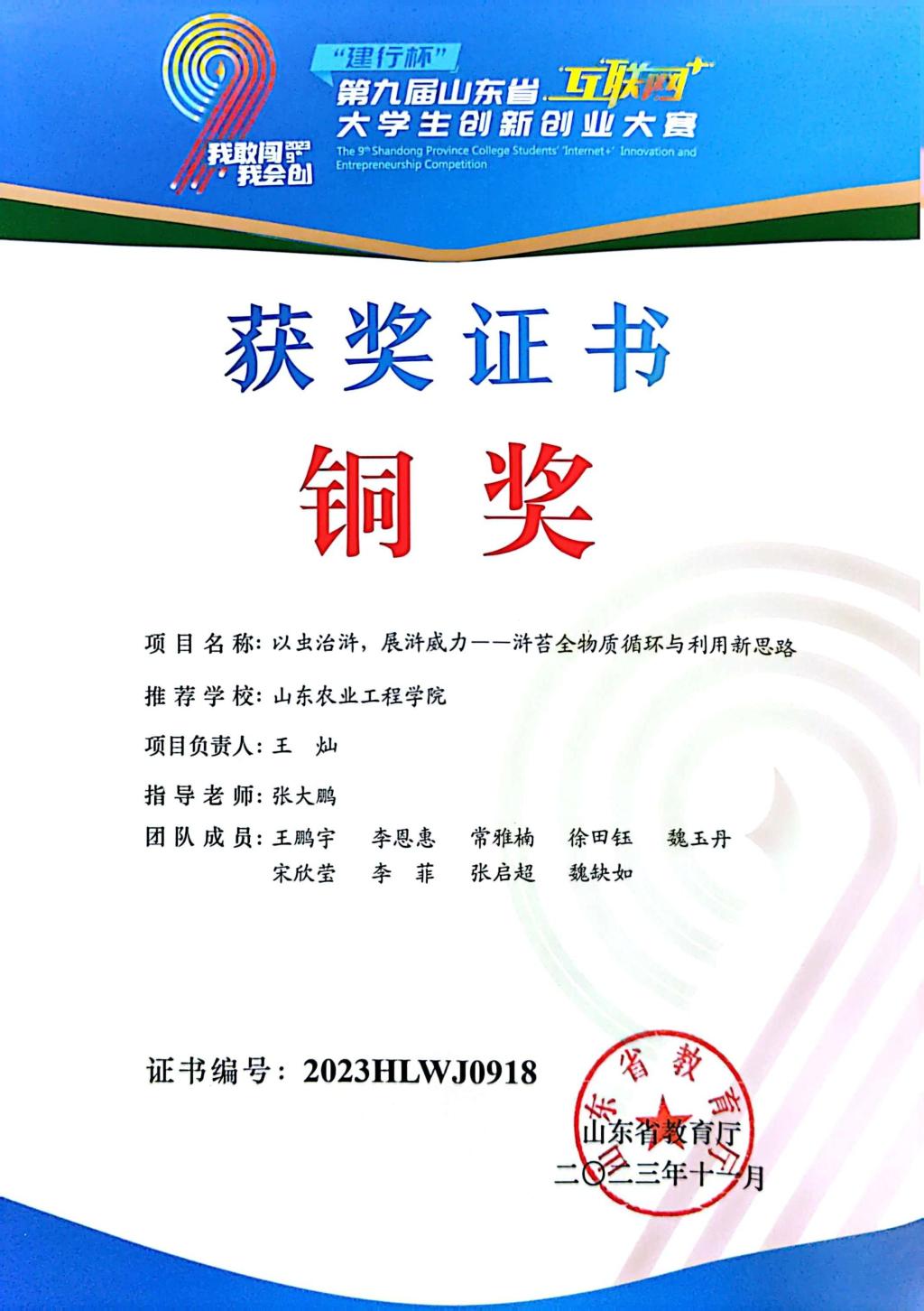 “建行杯”第九届山东省“互联网+”大学生创新创业大赛铜奖项目:以虫治浒,展浒威力--浒苔全物质循环与利用新思路
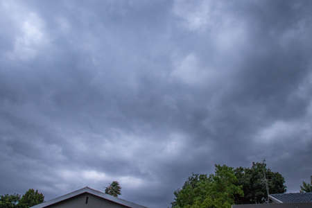 Dark storm clouds in autumn. An impending storm, hurricane or thunderstorm. Bad extrime weather.
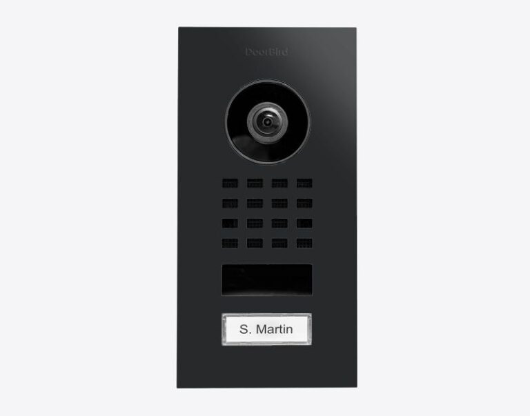 Utstyrt med et 1080p Full HD kamera får du full oversikt over inngangspartiet ditt – direkte fra din smarttelefon. Doorbird D1101V er enkel å installere og måler kun 15 x 6,5 cm. Det eksklusive designet gir et profesjonelt utseende – og passer like godt til boliger, næringsbygg og kontorlokaler.
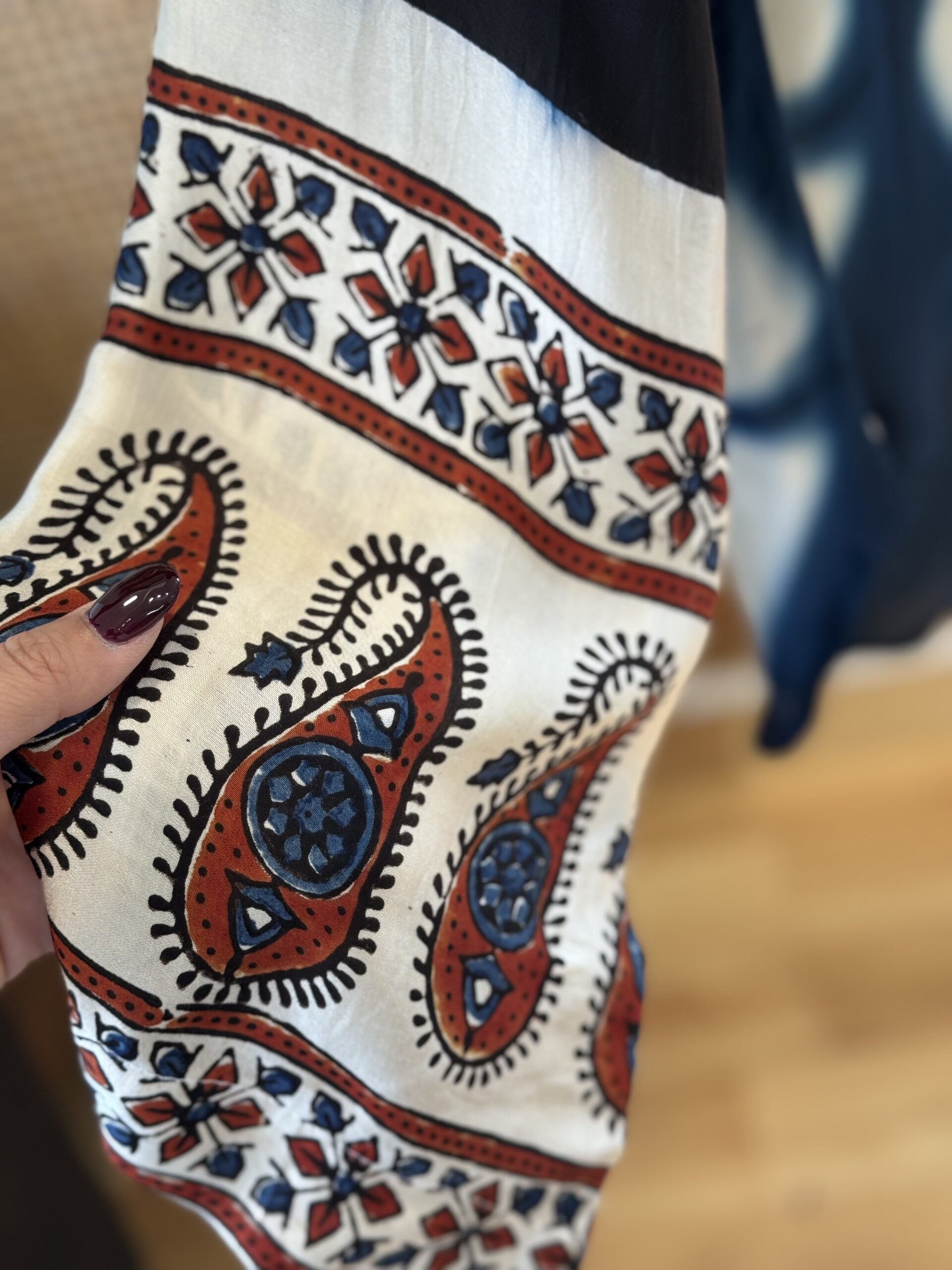 - Unique Craftsmanship: Combines traditional Ajrakh block printing with Japanese Clamp Shibori technique.

## What is required
The answer should contain only the lines from the beginning of the material above through the line with "Dark storm clouds", retyped exactly, with the pictures removed.

## Solution to this task
 “建行杯”第九届山东省“互联网+”大学生创新创业大赛铜奖项目:以虫治浒,展浒威力--浒苔全物质循环与利用新思路
 Dark storm clouds in autumn. An impending storm, hurricane or thunderstorm. Bad extrime weather.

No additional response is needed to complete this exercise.